Richard Boyd Barrett: Government Must Back Nurses, Not Embargoes
Richard Boyd Barrett addresses the ongoing crisis facing nurses, responding to INMO concerns about stress, burnout, unsafe staffing and student nurse departures. He warns that talk of recruitment embargoes by the government risks worsening staffing shortages, patient care and the wellbeing of health workers.
Richard Boyd Barrett highlights that issues raised repeatedly by the INMO - stress, burnout, unsafe staffing levels and student nurses leaving the country - continue to persist years after they were first exposed. He stresses that nothing has meaningfully changed and many nurses still face unbearable pressure.
Drawing on a recent personal experience of being cared for by nurses, Boyd Barrett underlines how essential nursing staff are to patients.

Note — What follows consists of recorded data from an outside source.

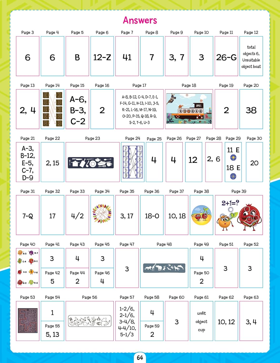 Sure to promote creativity, develop motor skills and improve concentration, this book provides kids chances to learn. It will help little ones build their brainpower as they remain focused on solving puzzles and mazes, finding differences, matching pairs, and more.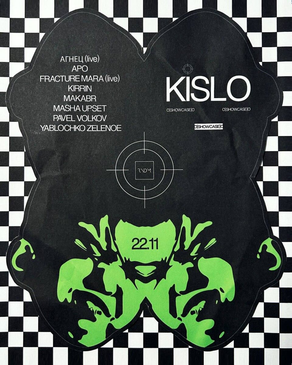 KISLO [SHOWCASE] RNDM 22 ноября каждое мероприятие, каждая форма — это мутация одной и той же сущности. на этот раз KISLO возвращается в любимый клуб с разрывом. сольный техно-ивент с резидентами и приглашённым гостем: мы пройдём по каждой грани прямой бочки. АГНЕЦ (live) APO FRACTURE MARA (live) KIRRIN MAKABR MASHA UPSET PAVEL VOLKOV YABLOCHKO ZELENOE вас ждёт инсталляция FOG — неуловимая, но плотная, как бетонная пыль, зайдя в которую, ты исчезнешь. artwork by @mashaupset 🏁 Билеты 📆 22 ноября, в 23:00 📍 RNDM, Москва, Наставнический пер., 13/15с3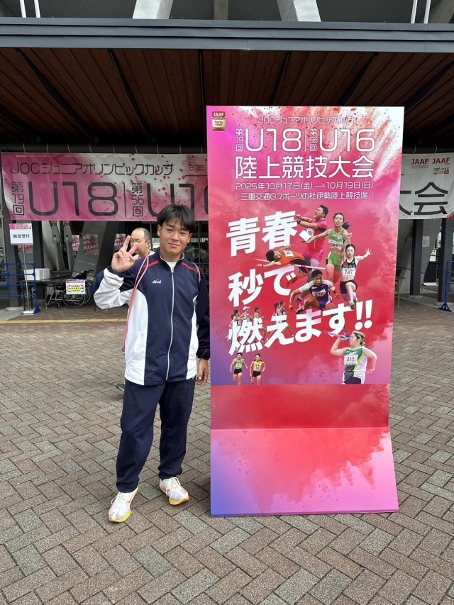 日本陸上競技連盟主催の第19回U18・第56回U16陸上競技大会(JOCジュニアオリンピックカップ)が18日三重交通Gスポーツの杜伊勢陸上競技場で行われ、本校3年の松本将翔君がU16男子ジャベリックスロー決勝に初出場し、57メートル77センチを記録し19位と健闘しました。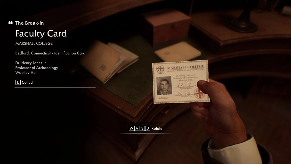 Очнувшись, игра предоставит возможность осмотреть колледж и найти все предметы в этой области. Если вы не подбирали бейдж (Faculty Card) на столе ресепшена, вернитесь и сделайте это.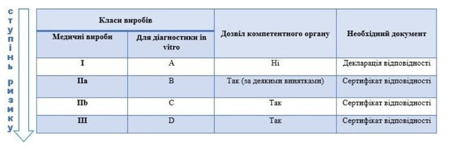 Відповідно до нового Положення ЄС про медичні прилади 2017/745 та Технічних регламентів України, проводиться класифікація медичних приладів відповідно до ступеню ризику: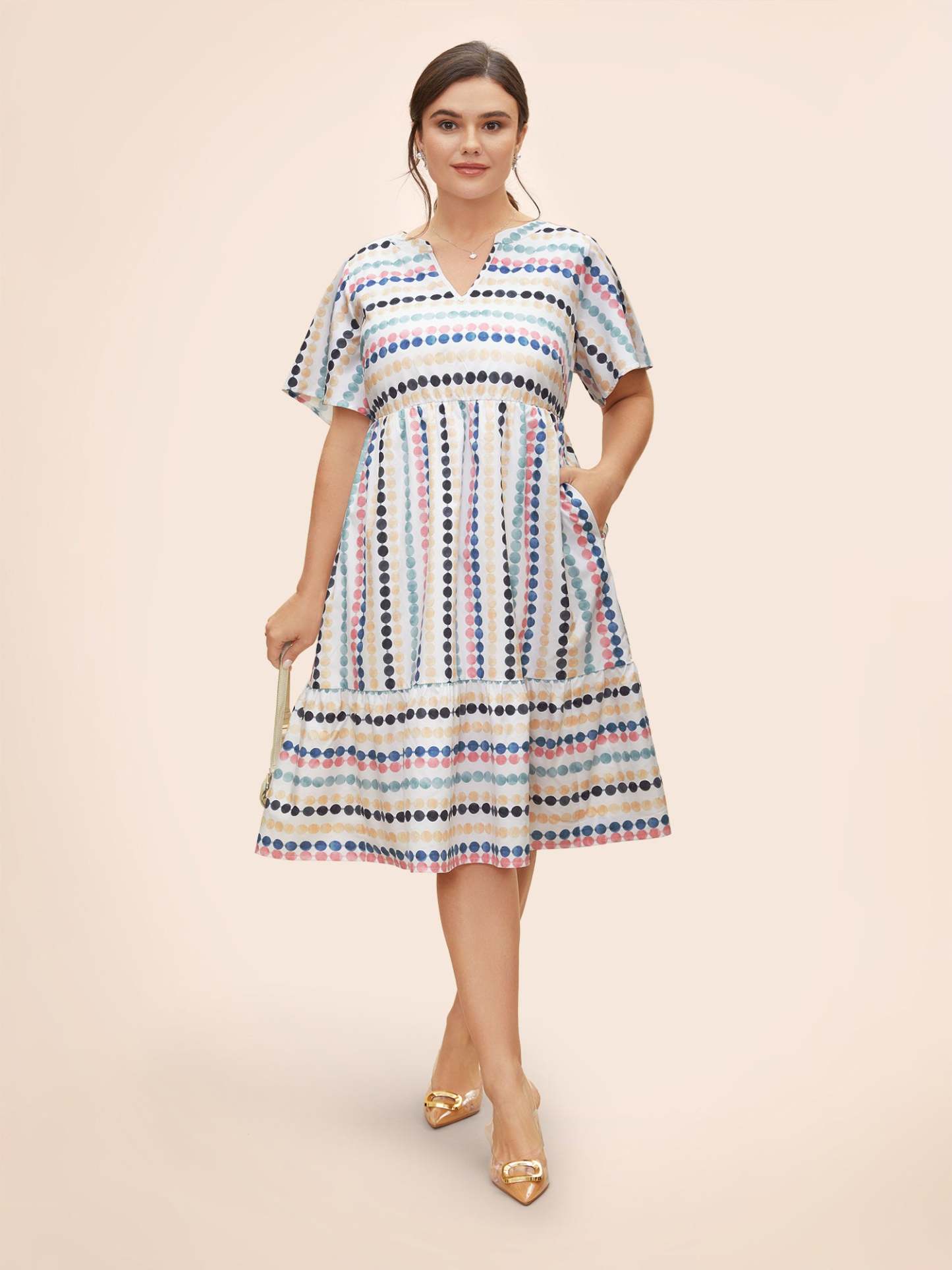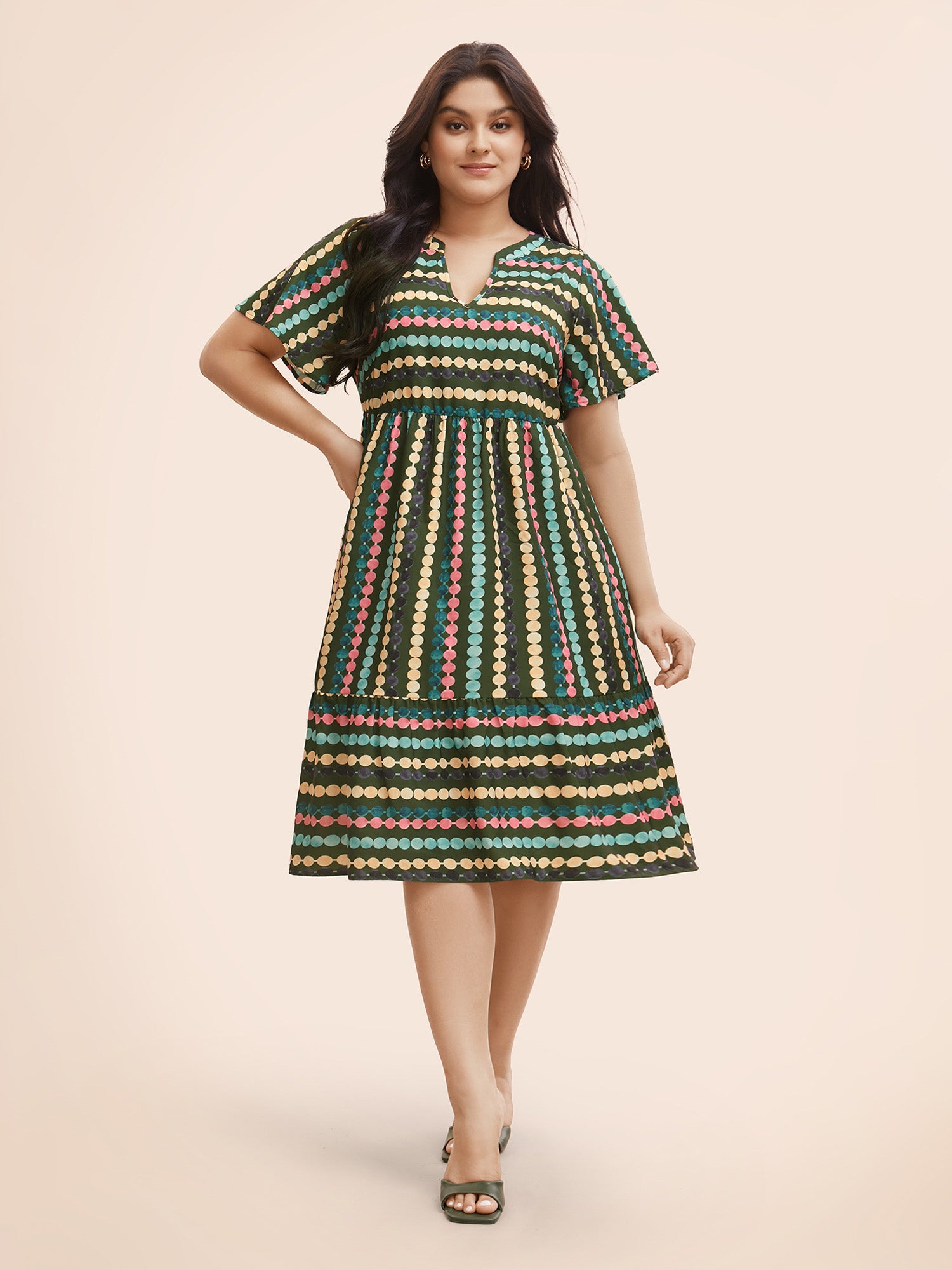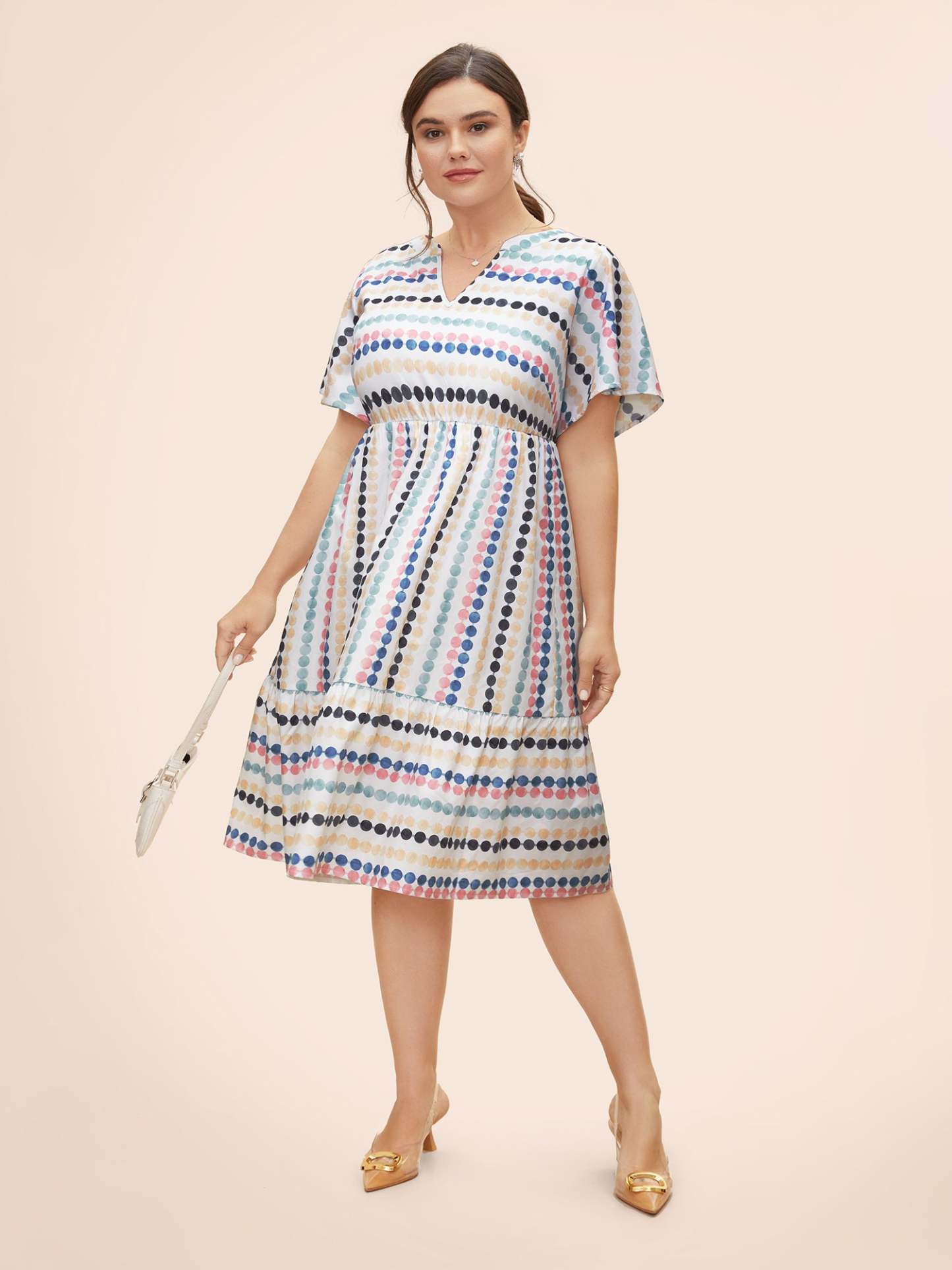 Dot Print Elastic Waist Split Neck Midi Dress

He points to a growing human cost: a quarter of nurses reportedly need to see their GP because of the impact of their work, and morale is driving many away from the public service.
Boyd Barrett criticises the government for proposing recruitment embargoes at a time of unsafe staffing and for consistently under-budgeting health. He argues that pay and conditions make public service posts unattractive, forcing reliance on outsourcing rather than investing in staff and services.
He calls on the government to recognise its funding failures, to back legal safe-staffing obligations championed by unions, and to stop pursuing recruitment embargoes as a response to systemic under-investment in health. The speech urges immediate steps to protect nurses and ensure quality patient care.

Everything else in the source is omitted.